On Muqtada's Return to Iraq

Michael Boyle sums it up nicely in The Guardian:
That Sadr's return holds out the prospect of a return to violence or increasingly illiberal government in Iraq is clear. But it is also now clear that events in Iraq have slipped out of the hands of the US, turning America into a bystander in the aftermath of a war of its own making. Whether Iraq will continue to consolidate its fragile gains, or slip back into violence or authoritarian government, is a matter that the Obama administration may find very hard to influence.
Likewise, Robert Grenier in al-Jazeera:
It is tempting, and perhaps accurate, to ascribe the peaceful return of Iraq's prodigal son to a healthy evolution in Iraq away from violence and toward electoral and factional politics as a means of reconciling the country's deep divisions.

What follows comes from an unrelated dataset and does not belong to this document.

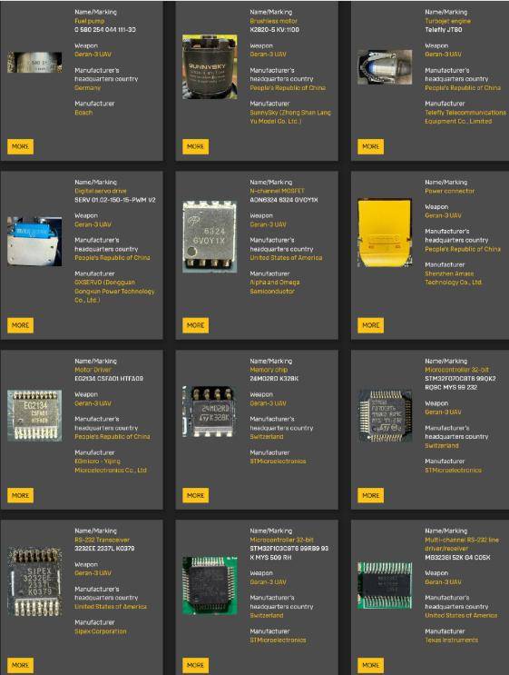除了上述零部件,俄军最新的沙赫德-238喷气式动力的自杀式无人机中,内部有许多外国制造的零部件:45个主要零部件中,一半来自美国,8个来自中国制造,7个来自瑞士,3个来自德国,2个来自英国,1个来自日本。除此之外,这架俄军无人机,还配备了中国企业生产的网状调制解调器,主要是构建网络,扩大通信范围,增强自身抗干扰能力。俄罗斯无人机还配备了中国企业生产的侦察相机,实现察打一体,实时回传图像。
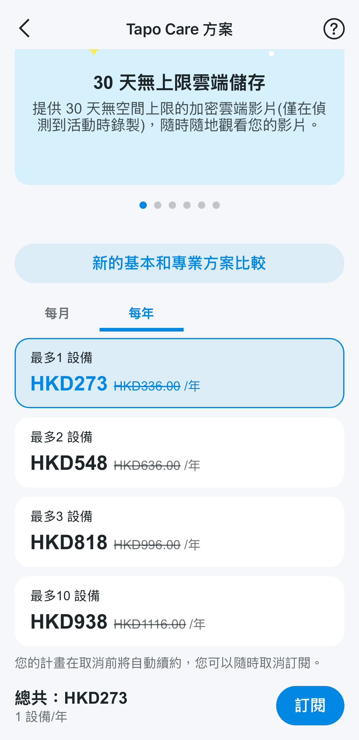 - 如果您正在使用 Tapo APP,請點擊「訂閱」以在 iOS App Store 或 Android Google Play 中繼續付款。

The trepidation which attended al-Sadr's first post-return speech this past Saturday, however, suggested that this transformation remains both tenuous and reversible.

Iraqis do not fear Muqtada's control over 12 percent of the seats in the Council of Representatives. What they fear is the cult-like following which he still commands among the poor, urban Shiite proletariat, perhaps the most potent, least sophisticated, and most manipulable force in Iraqi politics.

Muqtada's standing among this element of the populace would be enough by itself to make him a political force to be reckoned with.

But the real base of Muqtada's power, now as before, is the potential for mob violence posed by his most passionate supporters, as well as the more directed and disciplined threat posed by the Promised Day Brigade, al-Sadr's post-Mahdi Army militia.

Despite its leader's supposed new-found political respectability, an aura of violent illegitimacy still clings to the al-Sadr Trend:  Indeed, at least two Iraqi laws bar organisations affiliated with a militia from political participation. The clear lesson for everyone concerned is that accountability under the law still does not apply to Muqtada al-Sadr. . . .

his reiterated opposition to foreign occupation and his insistence on strict adherence to the agreed timetable for US military withdrawal contained, depending upon one's interpretation, either a clear threat, or a familiar and characteristic ambiguousness on the potential for a return to violence.